Of the material below, only the lines from the line containing "ハワイアンジュエリー バングル ターコイズ" down to the line containing "제주여행중 성산일출봉에 가는길" belong in the answer, written out exactly.

§ **Data under study**
++++++++++++++++++++

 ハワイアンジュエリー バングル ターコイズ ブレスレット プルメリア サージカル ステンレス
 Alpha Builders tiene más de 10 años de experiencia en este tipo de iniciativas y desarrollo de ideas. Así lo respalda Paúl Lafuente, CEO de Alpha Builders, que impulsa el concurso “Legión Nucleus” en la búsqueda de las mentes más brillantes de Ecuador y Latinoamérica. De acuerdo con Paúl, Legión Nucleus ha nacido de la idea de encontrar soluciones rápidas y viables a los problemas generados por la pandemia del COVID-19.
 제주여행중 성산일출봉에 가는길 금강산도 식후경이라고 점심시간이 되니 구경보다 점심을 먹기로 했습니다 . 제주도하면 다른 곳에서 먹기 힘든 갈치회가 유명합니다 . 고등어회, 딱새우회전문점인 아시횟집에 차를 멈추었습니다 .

++++++++++++++++++++

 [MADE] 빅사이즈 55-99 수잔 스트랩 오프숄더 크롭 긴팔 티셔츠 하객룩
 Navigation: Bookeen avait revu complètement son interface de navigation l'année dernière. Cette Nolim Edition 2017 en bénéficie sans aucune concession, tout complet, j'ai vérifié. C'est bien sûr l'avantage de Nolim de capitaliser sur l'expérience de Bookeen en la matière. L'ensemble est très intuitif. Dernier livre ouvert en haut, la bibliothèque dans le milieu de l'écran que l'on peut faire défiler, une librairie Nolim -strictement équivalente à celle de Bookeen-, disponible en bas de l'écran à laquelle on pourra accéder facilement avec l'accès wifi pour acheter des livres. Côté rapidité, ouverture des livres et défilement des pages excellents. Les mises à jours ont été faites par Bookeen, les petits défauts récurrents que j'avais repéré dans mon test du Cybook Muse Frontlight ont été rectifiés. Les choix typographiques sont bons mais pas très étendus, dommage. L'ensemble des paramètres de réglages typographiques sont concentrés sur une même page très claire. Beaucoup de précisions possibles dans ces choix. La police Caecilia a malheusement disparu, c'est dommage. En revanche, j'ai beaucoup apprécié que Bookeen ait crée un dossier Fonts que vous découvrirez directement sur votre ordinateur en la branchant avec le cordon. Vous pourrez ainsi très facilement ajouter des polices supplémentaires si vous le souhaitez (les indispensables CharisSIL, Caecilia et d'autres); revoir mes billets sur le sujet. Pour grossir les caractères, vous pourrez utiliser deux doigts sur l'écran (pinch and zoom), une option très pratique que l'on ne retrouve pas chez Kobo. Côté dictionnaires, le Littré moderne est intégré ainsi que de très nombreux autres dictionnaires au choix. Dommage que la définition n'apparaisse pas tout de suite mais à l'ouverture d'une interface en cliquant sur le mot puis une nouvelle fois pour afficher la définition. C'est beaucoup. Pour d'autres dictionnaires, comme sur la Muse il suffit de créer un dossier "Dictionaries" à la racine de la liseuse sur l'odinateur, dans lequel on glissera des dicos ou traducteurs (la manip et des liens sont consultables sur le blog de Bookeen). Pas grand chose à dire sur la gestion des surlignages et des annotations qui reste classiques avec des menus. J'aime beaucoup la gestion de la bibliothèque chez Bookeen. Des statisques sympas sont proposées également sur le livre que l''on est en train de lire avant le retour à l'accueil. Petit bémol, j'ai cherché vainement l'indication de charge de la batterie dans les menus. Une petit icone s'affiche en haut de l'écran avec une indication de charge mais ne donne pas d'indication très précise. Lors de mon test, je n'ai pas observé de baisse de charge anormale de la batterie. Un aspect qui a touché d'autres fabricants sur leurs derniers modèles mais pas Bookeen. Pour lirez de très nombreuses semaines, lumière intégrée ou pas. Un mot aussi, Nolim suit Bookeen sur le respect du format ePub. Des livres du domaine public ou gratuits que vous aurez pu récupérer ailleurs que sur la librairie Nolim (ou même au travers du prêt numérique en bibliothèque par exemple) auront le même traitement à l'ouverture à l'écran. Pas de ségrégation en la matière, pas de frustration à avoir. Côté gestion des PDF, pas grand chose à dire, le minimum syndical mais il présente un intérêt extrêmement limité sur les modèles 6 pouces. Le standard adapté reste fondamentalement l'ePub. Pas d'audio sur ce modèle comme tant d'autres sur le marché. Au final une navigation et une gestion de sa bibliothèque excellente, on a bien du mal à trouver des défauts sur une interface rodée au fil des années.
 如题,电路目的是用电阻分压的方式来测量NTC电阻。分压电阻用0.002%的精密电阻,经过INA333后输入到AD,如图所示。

++++++++++++++++++++

§ **Answer to this task**
 ハワイアンジュエリー バングル ターコイズ ブレスレット プルメリア サージカル ステンレス
 Alpha Builders tiene más de 10 años de experiencia en este tipo de iniciativas y desarrollo de ideas. Así lo respalda Paúl Lafuente, CEO de Alpha Builders, que impulsa el concurso “Legión Nucleus” en la búsqueda de las mentes más brillantes de Ecuador y Latinoamérica. De acuerdo con Paúl, Legión Nucleus ha nacido de la idea de encontrar soluciones rápidas y viables a los problemas generados por la pandemia del COVID-19.
 제주여행중 성산일출봉에 가는길 금강산도 식후경이라고 점심시간이 되니 구경보다 점심을 먹기로 했습니다 . 제주도하면 다른 곳에서 먹기 힘든 갈치회가 유명합니다 . 고등어회, 딱새우회전문점인 아시횟집에 차를 멈추었습니다 .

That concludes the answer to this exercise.